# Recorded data
──────

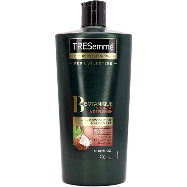 شامپو بوتانیک نارگیل TRESemme Botanique برای انواع مو مناسب است که در حجم 400 میل عرضه میشود. حاوی روغن نارگیل و آلوئه ورا است که مو و پوست سر را مرطوب و تغذیه می کند و باعث ریکاوری و ترمیم مو میشود. شیر نارگیل : منبعی غنی از اسید لوریک و اسیدهای چرب و پروتئین و همچنین سرشار از ویتامین های گروه B و E و C است.
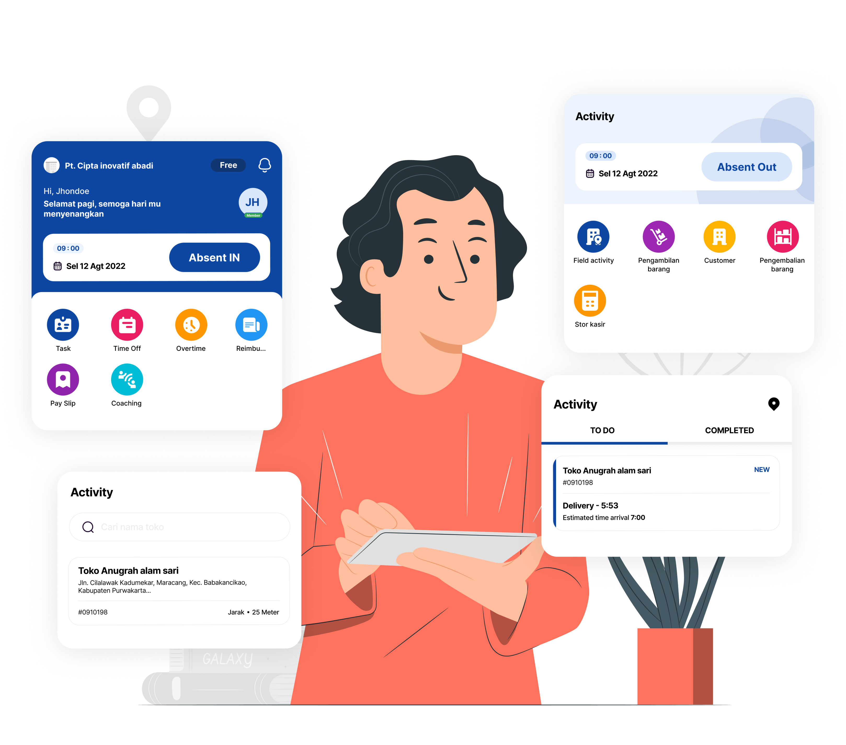 Memastikan kunjungan dilakukan, Mencatat aktivitas canvassing dan merchandiser serta fitur lainnya.
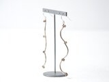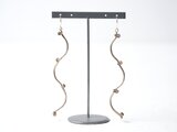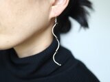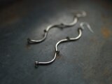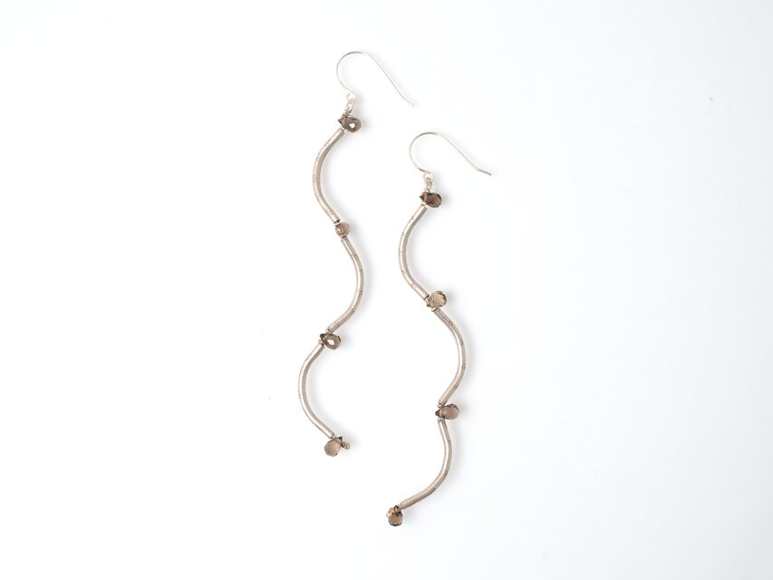 側面に民族模様の施された湾曲シルバーチューブと小ぶりスモーキークォーツのドロップを繋ぎ、シルエットの際立つロングピアスに仕立てました。
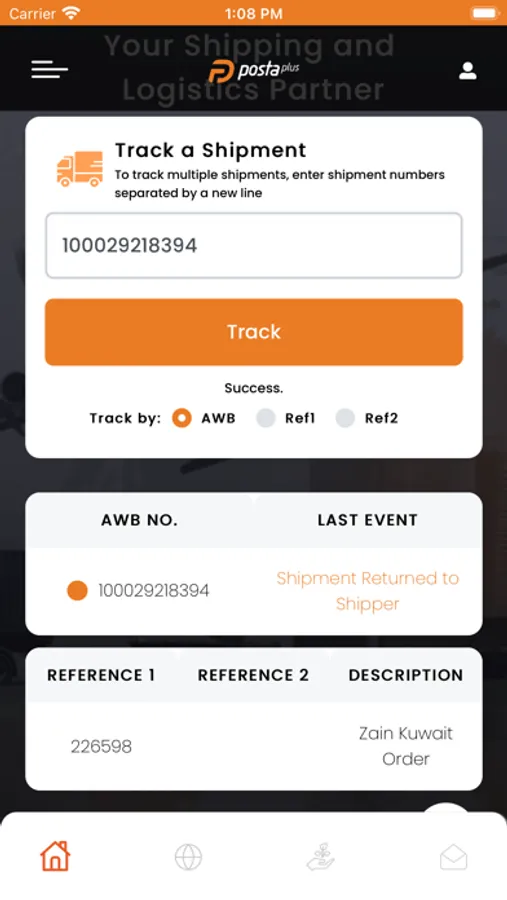 - Track shipments status of the inbound and outbound shipments by AWB number using mobile app
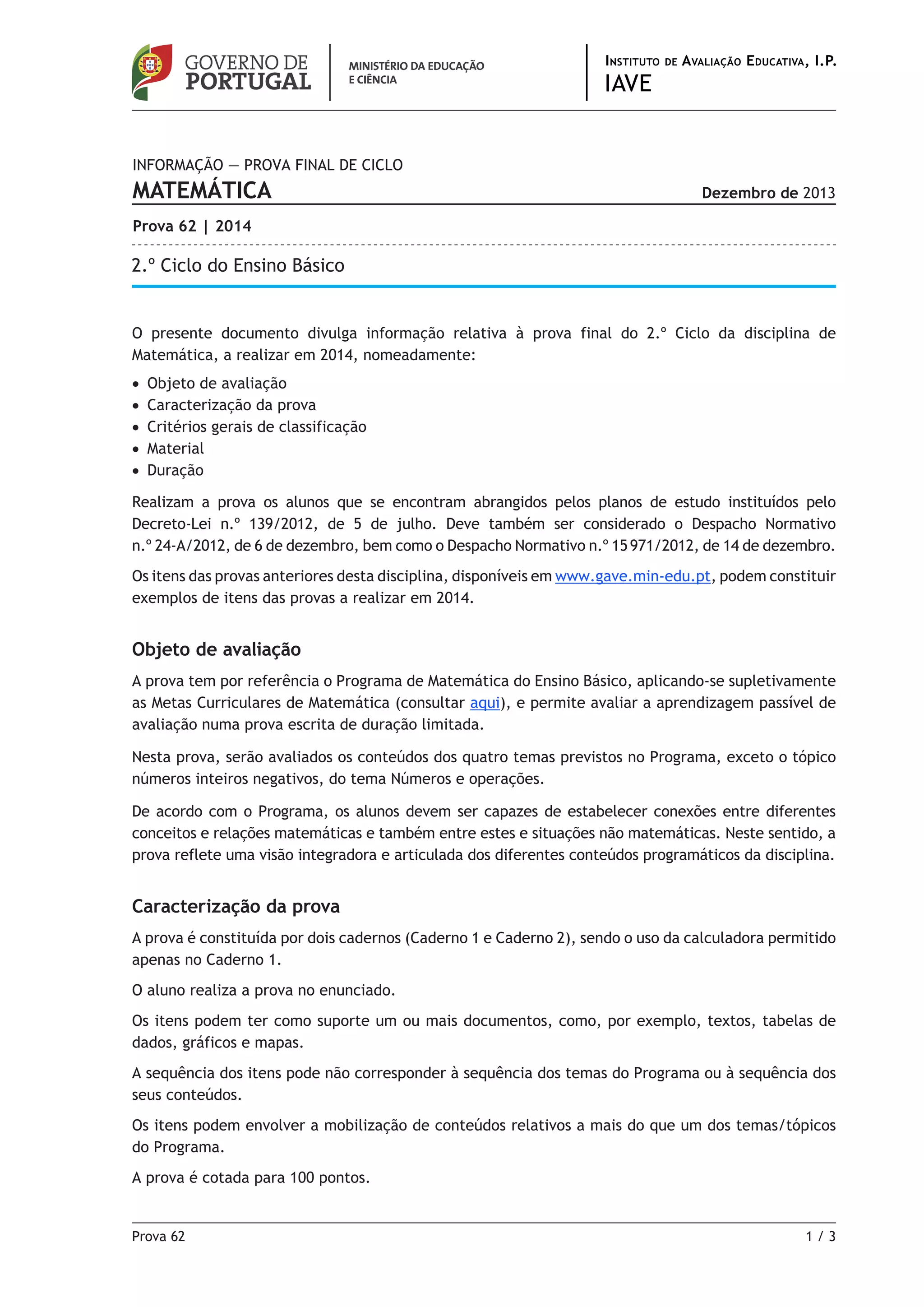 Este documento fornece informações sobre a prova final de matemática do 2o ciclo do ensino básico em 2014, incluindo o escopo da avaliação, características da prova, critérios de classificação, materiais permitidos e duração. A prova avaliará conteúdos de quatro temas do programa excluindo números inteiros negativos e consistirá em itens de seleção e construção cotados de 3 a 8 pontos. Ela terá uma duração total de 90 minutos distribuídos em dois cadernos.
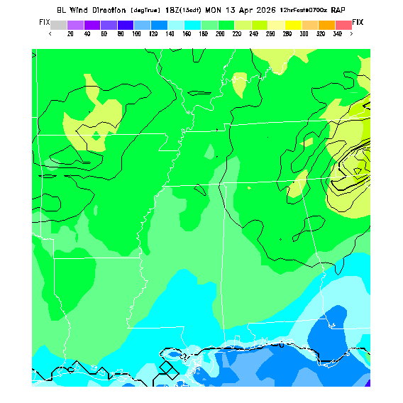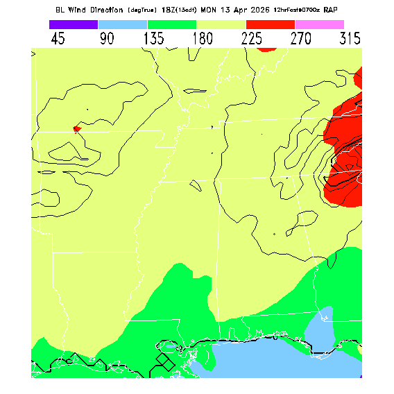 The direction of the vector-averaged wind in the BL.  This prediction can be misleading if there is a large change in wind direction through the BL (for a complex wind profile, any single number is not an adequate descriptor!).  Note that there will be a abrupt artificial gradient at the "cross-over" between 0 and 360 degrees.  MoreInfo
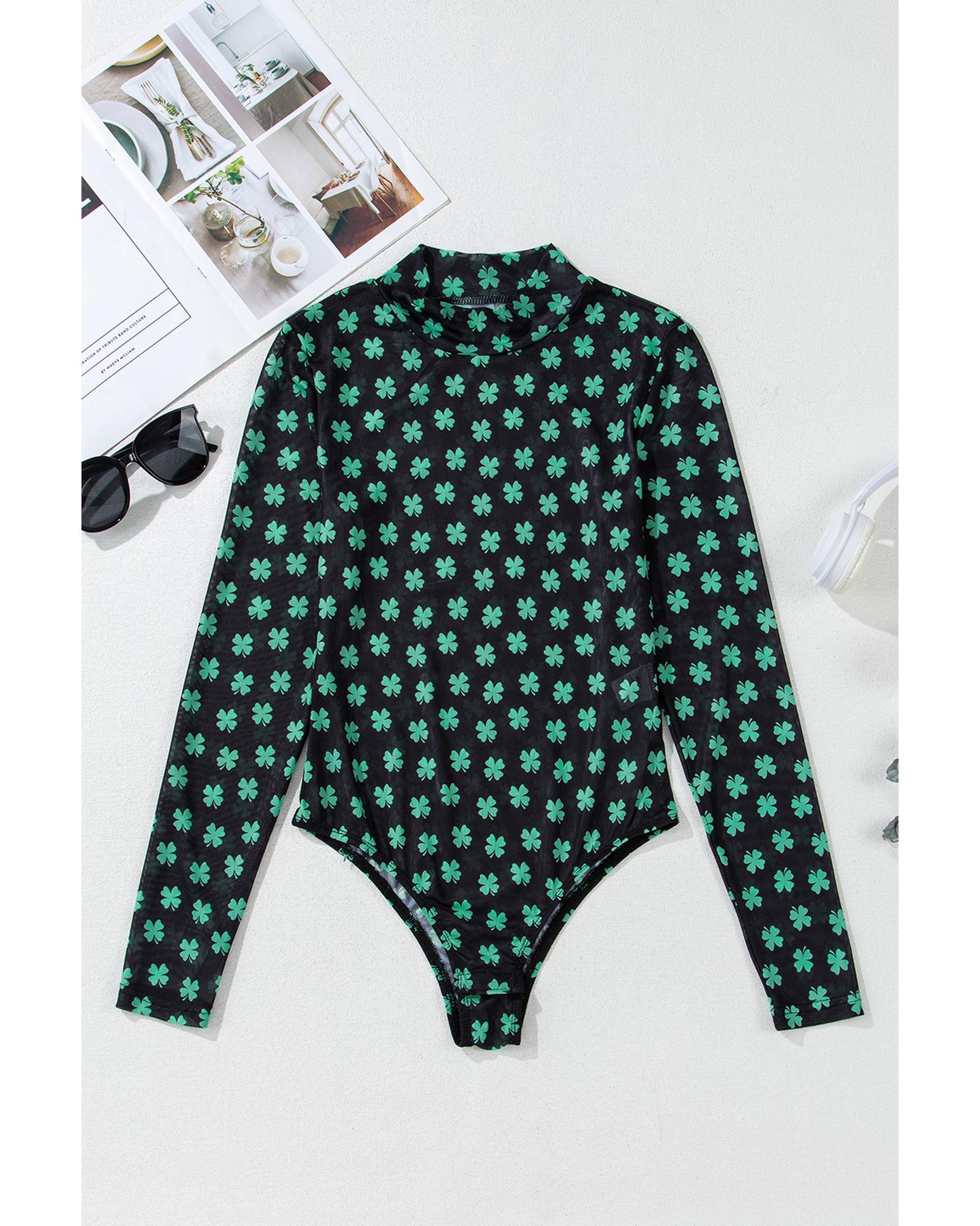 Green St Patrick Shamrock Printed Long Sleeve Mesh Bodysuit – S

──────

# ASSIGNED TASK
Output exactly, and only, the lines of the entries above from the one with "Memastikan kunjungan dilakukan, Mencatat" up to and including the one with "Este documento fornece"; pictures are to be left out.

# SOLUTION
 Memastikan kunjungan dilakukan, Mencatat aktivitas canvassing dan merchandiser serta fitur lainnya.
 側面に民族模様の施された湾曲シルバーチューブと小ぶりスモーキークォーツのドロップを繋ぎ、シルエットの際立つロングピアスに仕立てました。
 - Track shipments status of the inbound and outbound shipments by AWB number using mobile app
 Este documento fornece informações sobre a prova final de matemática do 2o ciclo do ensino básico em 2014, incluindo o escopo da avaliação, características da prova, critérios de classificação, materiais permitidos e duração. A prova avaliará conteúdos de quatro temas do programa excluindo números inteiros negativos e consistirá em itens de seleção e construção cotados de 3 a 8 pontos. Ela terá uma duração total de 90 minutos distribuídos em dois cadernos.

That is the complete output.